Вариантом или развитием механизма распознавания “свой” – “чужой” может являться когнитивный механизм постижения чужого мира, который рассматривается в работе [Руженцева 2014] и описывается как «диффузия языка и культуры» в текстах одной из взаимодействующих культур. Описанный Н. Б. Руженцевой на материале русскоязычных текстов и диффузии в них английской, израильской и турецкой лингвокультур, этот механизм (с некоторыми оговорками) обнаруживается и в анализируемых нами медиатекстах.
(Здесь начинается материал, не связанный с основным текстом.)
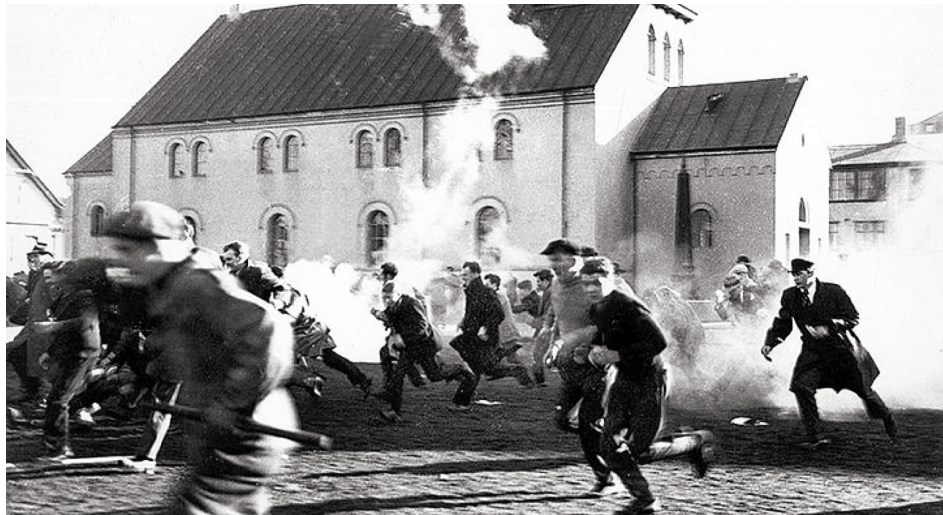
Protestdemonstration mod Islands medlemskab af NATO mødes med tåregas og politiknipleri

● Efter at være blevet besat af briterne og amerikanerne under d. 2. verdenskrig, blev Island stiftende medlem af NATO i 1949 og to år efter underskrev den islandske regering en „beskyttelsesaftale“ med USA. Denne aftale er grundlaget for den amerikanske militære tilstedeværelse, som den islandske fredsbevægelses kamp havde som sit omdrejningspunkt de næste 55 år — til år 2006.
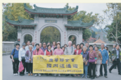
4月6至9日「復活節四天團」，暢遊福建、廈門等名勝
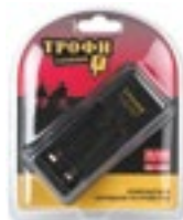
TR-920 Комплектация: ● 3.У.
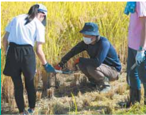
田植え、稲刈りなど多くの農業体験を開催して農業の魅力を発信。
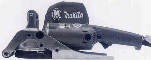
コンクリートカンナ
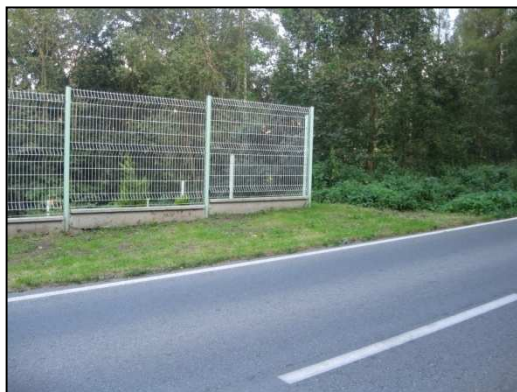
Obr. č. 48. Návrh konce bariéry ve vazbě na stávající plot
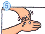
親指と手のひらををり洗います。
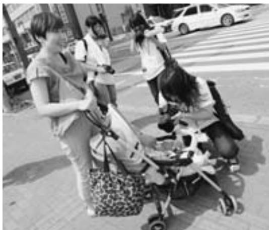
▲赤ちゃんの寝顔に思わずシャッター=盛岡中央高校 (7月27日、旭川市1条買物公園で)
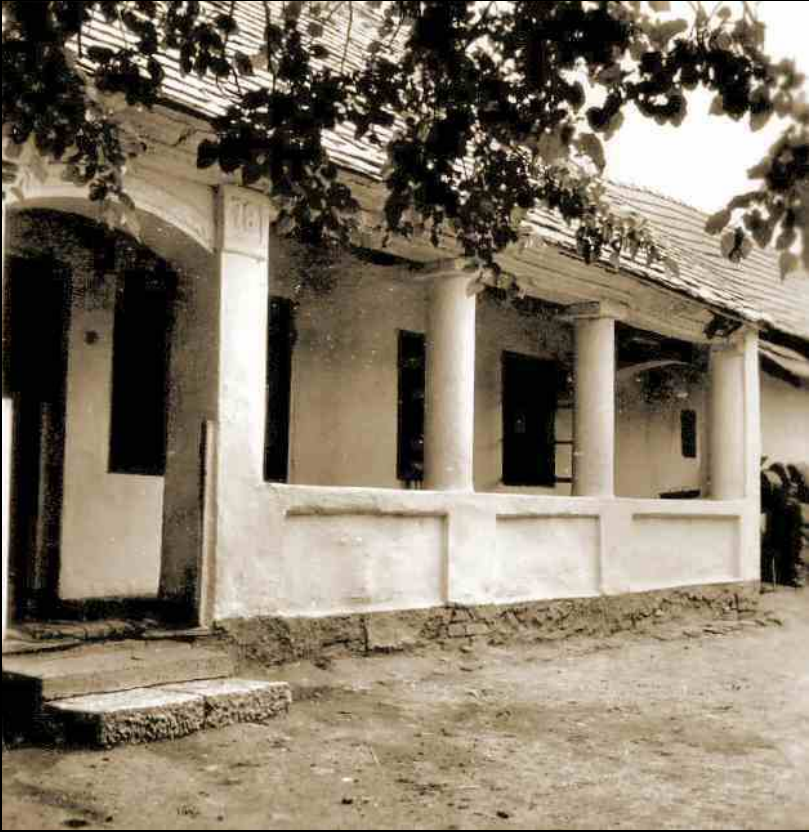
Sztálin út 211., tornác
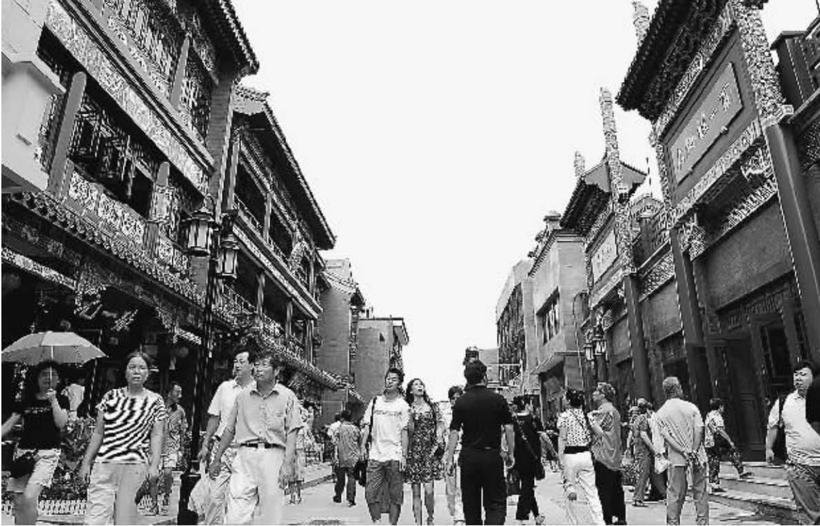
7 月 30 日,北京大栅栏商业街完成近年来规模最大的一次修缮改造工程,正式开街迎接八方来客。全长 266 米的大栅栏商业街是一条有着近 500 年历史的古老商业街,街中老字号云集、历史文化遗存集中,是北京现存的最能体现古都风貌和传统商业文化底蕴的街区之一。
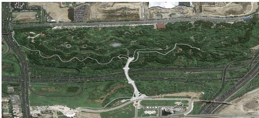
شکل ۲- موقعیت پل طبیعت تهران
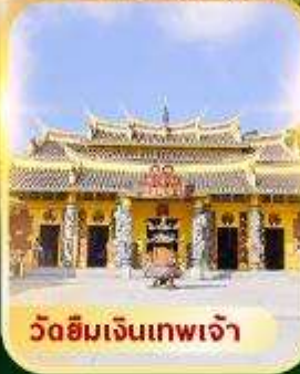
วัดซิมเจินเทพเจ้า
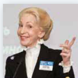
Леди Барбара Томас Джадж Председатель, Агентство Атомной Энергетики Великобритании
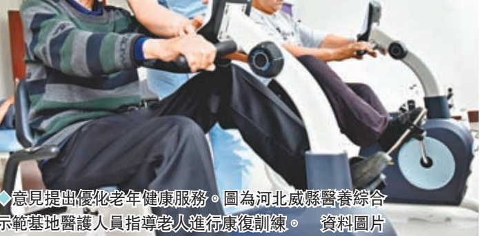
意見提出優化老年健康服務。圖為河北威縣醫養綜合示範基地醫護人員指導老人進行康復訓練。資料圖片

相關文件的發布令來自香港的大灣區醫療集團聯席行政總裁李家聰博士倍感振奮。過去幾年，他帶領團隊將港式醫療服務模式拓至大灣區內地城市，設立了包括港澳居民健康服務中心在內的160多間港式家庭醫生工作室。兩個
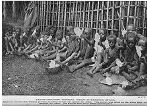
تصویر شماره ۲: وضعیت کودکان کار (و معماری زاده، ۱۳۹۵)

کودکان خیابانی به عنوان بخشی از سرمایه انسانی هستند که سلامت جسم و روان آنها می تواند نقش مهمی در سلامت جامعه داشته باشد. طبق نظر یونیسف، کودکان خیابانی با واقعیت تلخ جدایی از خانواده و خطر از دست دادن امکانات اساسی همچون آموزش و بهداشت مواجه اند. دونالد استوارت اعتقاد دارد که فقدان یا از دست دادن روابط بسنده با یکی از والدین از نظر بهداشت روانی یکی از بزرگترین مشکلات کودکان خیابانی است. این کودکان با مشکلات بهداشتی، بیماری، حفظ سلامت روانی، مشکلات روانشناختی و عدم پیشرفت تحصیلی مواجه اند (صلاحی، ۱۳۷۹). در ایران ساماندهی این کودکان بر عهده سازمان بهزیستی میباشد. طبق آمار سازمان مذکور، تعداد کودکان کار در سال ۱۳۸۴، ۷۸۴ نفر بوده است. تفاوت فاحش میان آمار کودکان کار که تحت پوشش بهزیستی قرار می گیرند با آمار تخمین زده شده توسط کارشناسان، نشانگر مخفی بودن تعداد قابل توجهی از این کودکان است. بر اساس یک سرشماری انجام شده در کشور ایران، حدود ۱۲٪ از جمعیت ده تا نوزده سال کشور ما فعالیت اقتصادی دارند
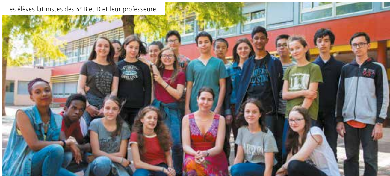
Les élèves latinistes des 4 e B et D et leur professeure.

« Ce concours, c'était un mélange entre une préparation à un examen et un jeu. Je savais qu'il n'y avait pas d'enjeu trop important donc je n'étais pas stressée mais j'ai quand même beaucoup travaillé pour le groupe et pour le concours individuel. Il y a eu beaucoup de solidarité entre les élèves pour la préparation. »
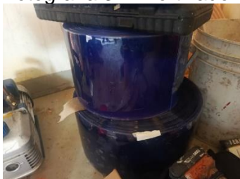
Fotografía 4. Rollo de cortina Pvc
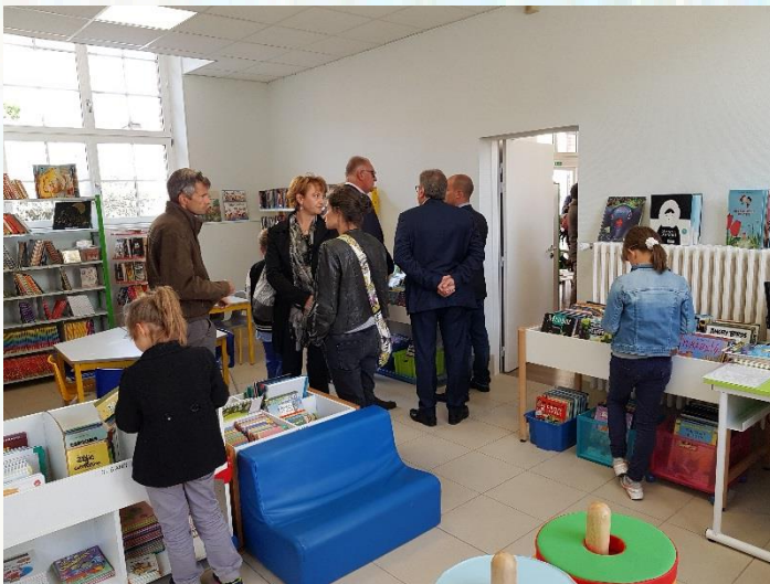
La nouvelle bibliothèque, plus spacieuse, plus lumineuse

В нашей работе необходимо также учитывать данные, полученные в ходе социолингвистических и собственно лингвистических исследований метаязыковой рефлексии и «фолк-лингвистики». Исследования по так называемой «народной лингвистике» опираются на метаязыковые высказывания (или «обыденные представления о языке» [Казакевич 2012]) носителей языка или диалекта о своем языке, а также на языковую рефлексию, вербализированную в пословицах, поговорках, насмешливых сентенциях и прочих высказываниях, описывающих речевое поведение или же собственно языковые единицы. Поскольку родная речь представляется наивному сознанию «естественно-необходимой», то, сталкиваясь с языковым многообразием, «наивное сознание реагирует ... своеобразным протестом», что выражается в пародиях, дразнилках, высмеивании речевых особенностей, прозвищах и пр. [Шор 2009]. В этом же видится и источник народных этимологий, механизм которых В. М. Алпатов описывает как «объяснение неизвестного через известное», когда «непонятное слово чужого или родного языка толкуется через хорошо известное автору этимологии слово», а также на основе полного или неполного фонетического сходства, достаточного для возникновения ассоциативной связи между словами [Алпатов 2012]. А. А. Сомин приходит к выводу о том, что «постоянные контакты с носителями близкородственных идиомов обостряют лингвистическое чутьё носителей» (появляются дразнилки, анекдотические рассказы, основанные на языковых фактах и пр.) [Сомин 2012: с. 66].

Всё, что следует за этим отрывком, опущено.